The results of our study need to be interpreted with the following limitations and strengths in mind. We were hampered by the low quality of reporting in the studies. Several design-related characteristics could not be adequately examined because of incomplete reporting (e.g., frequency of indeterminate test results and of dropouts, patient selection criteria, clinical spectrum, and the degree of blinding). We used the odds ratio as our main accuracy measure, which is a convenient summary statistic,55,56
but it may be insensitive to phenomena that produce opposing changes in sensitivity and specificity. Further studies should explore the effects of these design features on other accuracy measures, such as sensitivity, specificity and likelihood ratios.
Our study can be seen as a validation and extension of the study of Lijmer and colleagues.13
To ensure independent validation, we did not include any of their meta-analyses in our study. Furthermore, we replaced the fixed-effects approach used by them with a more appropriate random-effects approach, which allowed the design covariates to vary between meta-analyses. This explains the wider confidence intervals in our study, despite the fact that we included 269 studies more than Lijmer and colleagues did.

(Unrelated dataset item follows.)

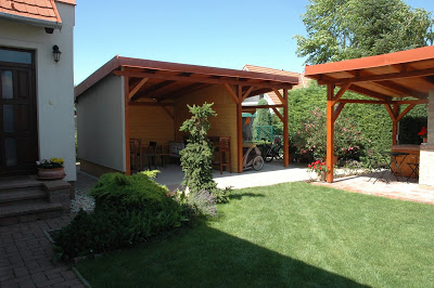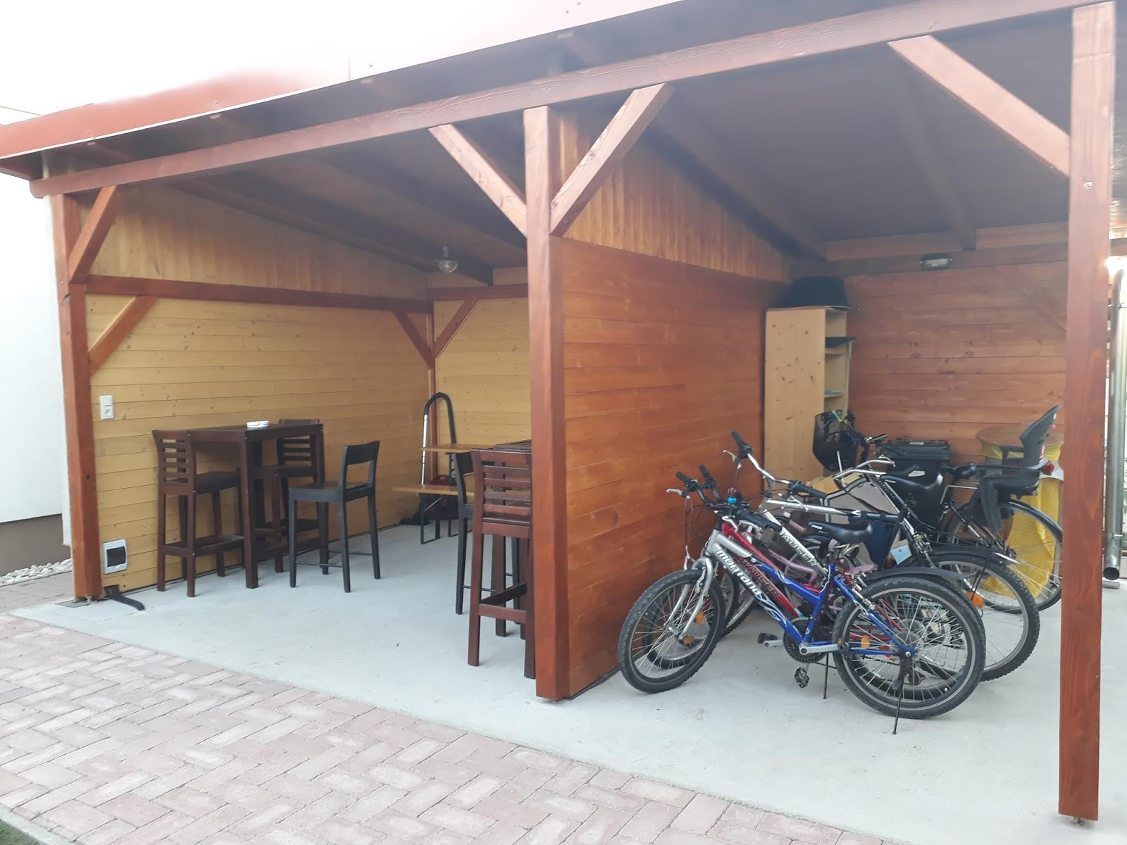 | Árnyékos, fedett kiülők és biciklitároló. |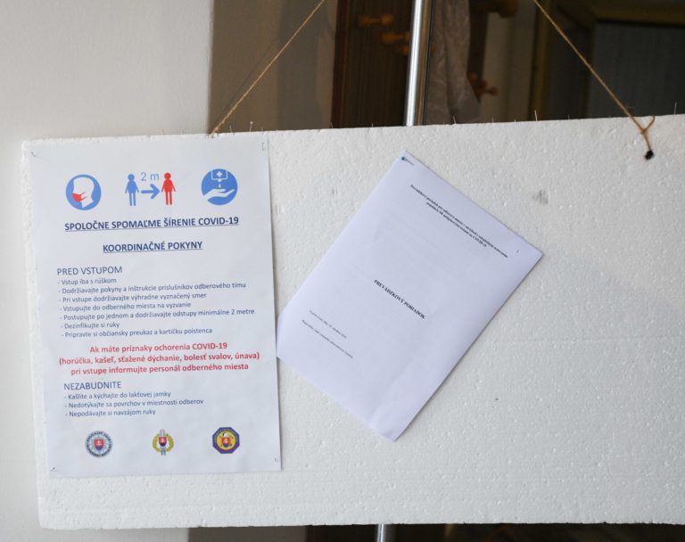 Oznam v odbernom mieste na Mestskom úrade v Starej Turej počas príprav na plošné testovanie obyvateľov Slovenska na COVID-19 v rámci operácie Spoločná zodpovednosť. Stará Turá, 30. október 2020. Foto: SITA/Martin Medňanský.

In general, the results of our study provide further empirical evidence of the importance of design features in studies of diagnostic accuracy. Studies of the same test can produce different estimates of diagnostic accuracy depending on choices in design. We feel that our results should be taken into account by researchers when designing new primary studies as well as by reviewers and readers who appraise these studies. Initiatives such as STARD (Standards for Reporting of Diagnostic Accuracy [www.consort-statement.org/stardstatement.htm
]) should be endorsed to improve the awareness of design features, the quality of reporting and, ultimately, the quality of study designs. Well-reported studies with appropriate designs will provide more reliable information to guide decisions on the use and interpretation of test results in the management of patients.